The headteacher has worked successfully with senior leaders to create a dedicated staff team. Morale is high.

Leaders take positive action to make sure everyone's workload is manageable. All staff are fully committed to the school and share the headteacher's dedication to supporting the pupils and their families.

The headteacher and governors have a very clear vision.

They know the strengths and areas for development. Together, leaders are determined to see all pupils achieve well. Governors provide strong support and appropriate challenge for the headteacher and leadership team.


The arrangements for safeguarding are effective.

There is a strong culture of safeguarding across the school. Staff are well trained and follow safeguarding policies and procedures consistently.

Staff share the responsibility for keeping children safe. They know the signs that could indicate a pupil is potentially at risk of harm. They know what to do when safeguarding concerns arise.

The headteacher acts quickly to protect pupils. She works effectively with external agencies to gain support for families. She is tenacious in seeking help.

The headteacher's records of actions taken in response to concerns are systematic and thorough.

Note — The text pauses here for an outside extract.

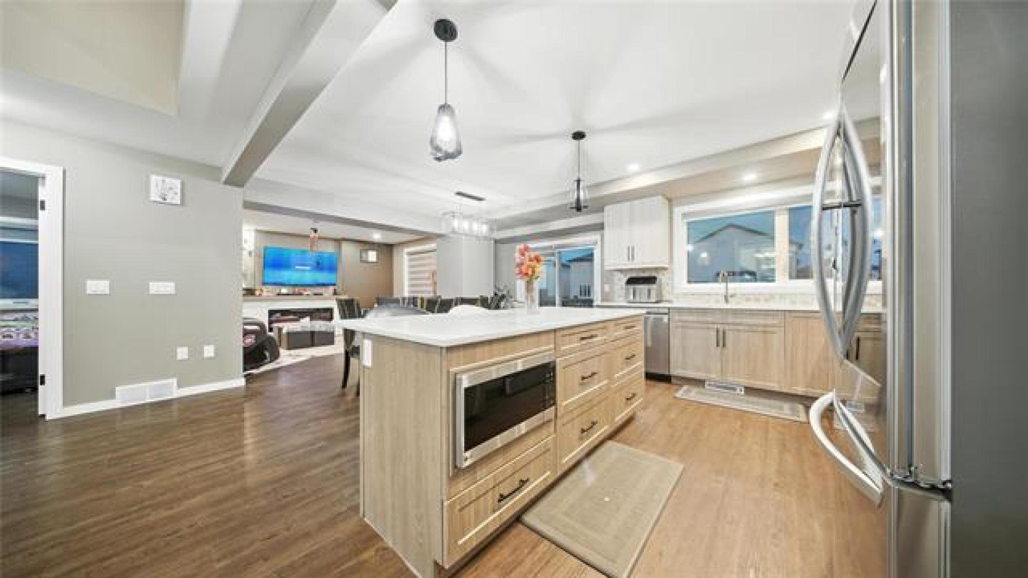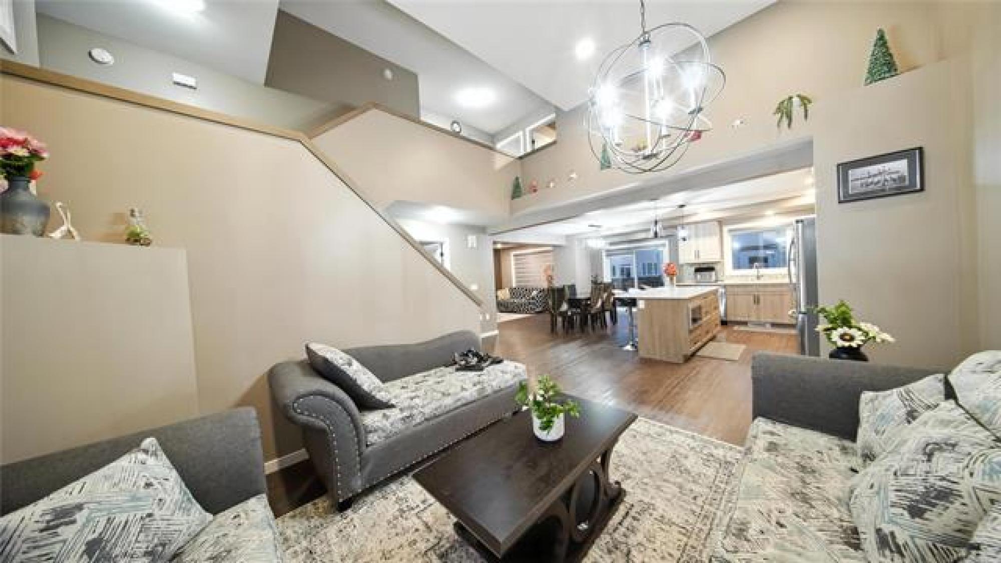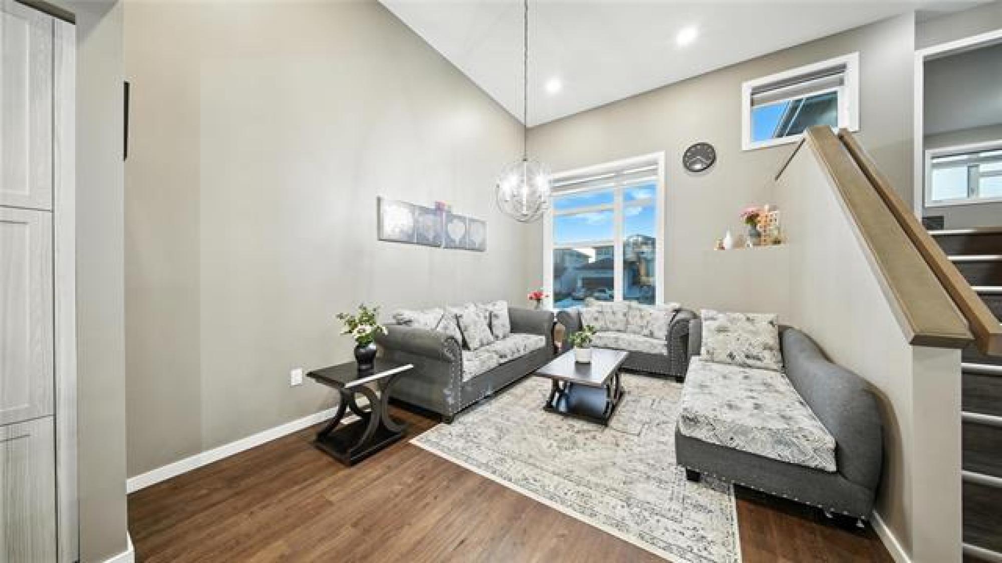 OH 30th Nov - Sun(2pm-4pm).Welcome to 9 Park Lane, a stunning 2,170 sq. ft. home located in the highly sought-after Parkview Pointe community. This beautifully designed residence features 5 spacious bedrooms, including one conveniently located on the main floor with a full bathroom—perfect for guests or multi-generational living. Spacious kitchen with gas stove and high end appliances. The home offers two generous living areas, one with an impressive open-to-below ceiling, and a massive kitchen ideal for entertaining. Three decent size bedrooms with one full bath and walk in laundry on 2nd floor. Master bedroom is huge with walk-in closet and standing shower ensuite. The professionally landscaped yard includes a backyard patio and cozy fire pit area, perfect for outdoor gatherings. The exterior showcases a stylish combination of wooden siding and stucco, blending elegance with durability. Parkview Pointe offers a serene lifestyle surrounded by scenic lakes, parks, and walking trails. A new commercial plaza is currently under construction within walking distance, and the brand new Costco is just a few minutes’ drive away—making this home the perfect blend of comfort, convenience, and community living.

What does the school need to do to improve?

(Information for the school and appropriate authority)

• Middle leaders do not monitor the implementation of their subject plans systematically. This means that areas for development are not identified and addressed quickly enough.

Leaders should ensure that there are clear systems in place to ensure effective monitoring takes place regularly. ? Teachers do not consistently make checks on pupils' learning in some foundation subjects. This means that teachers do not accurately capture what pupils know and can do in all subjects.

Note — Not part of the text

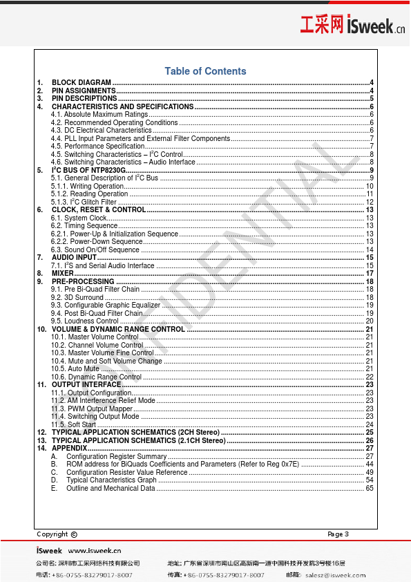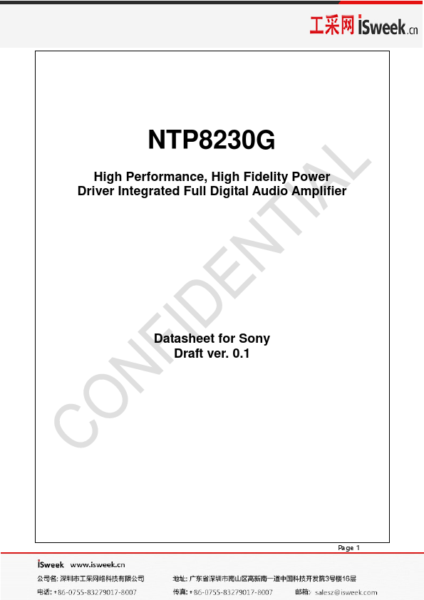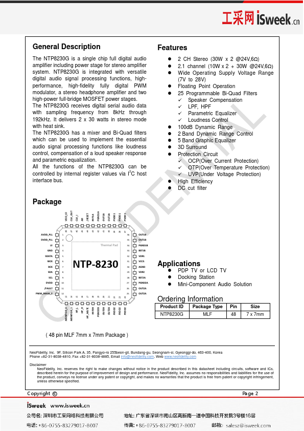 The NTP8230G is a single chip full digital audio amplifier including power stage for stereo amplifier system. NTP8230G is integrated with versatile digital audio signal processing functions, highperformance, high-fidelity fully digital PWM modulator, a stereo headphone amplifier and two high-power full-bridge MOSFET power stages. The NTP8230G receives digital serial audio data with sampling frequency from 8kHz...

At times, teachers attempt to move learning on before pupils are ready. Leaders must continue to develop and implement a consistent approach to assessment in every subject so that pupils' skills and knowledge are checked accurately and pupils' next steps in learning are successfully supported.


When we have judged a school to be good, we will then normally go into the school about once every four years to confirm that the school remains good.

This is called a section 8 inspection of a good or outstanding school, because it is carried out under section 8 of the Education Act 2005. We do not give graded judgements on a section 8 inspection. However, if we find evidence that a school would now receive a higher or lower grade, then the next inspection will be a section 5 inspection.

Usually this is within one to two years of the date of the section 8 inspection. If we have serious concerns about safeguarding, behaviour or the quality of education, we will deem the section 8 inspection as a section 5 inspection immediately.

This is the second section 8 inspection since we judged the school to be good in October 2011.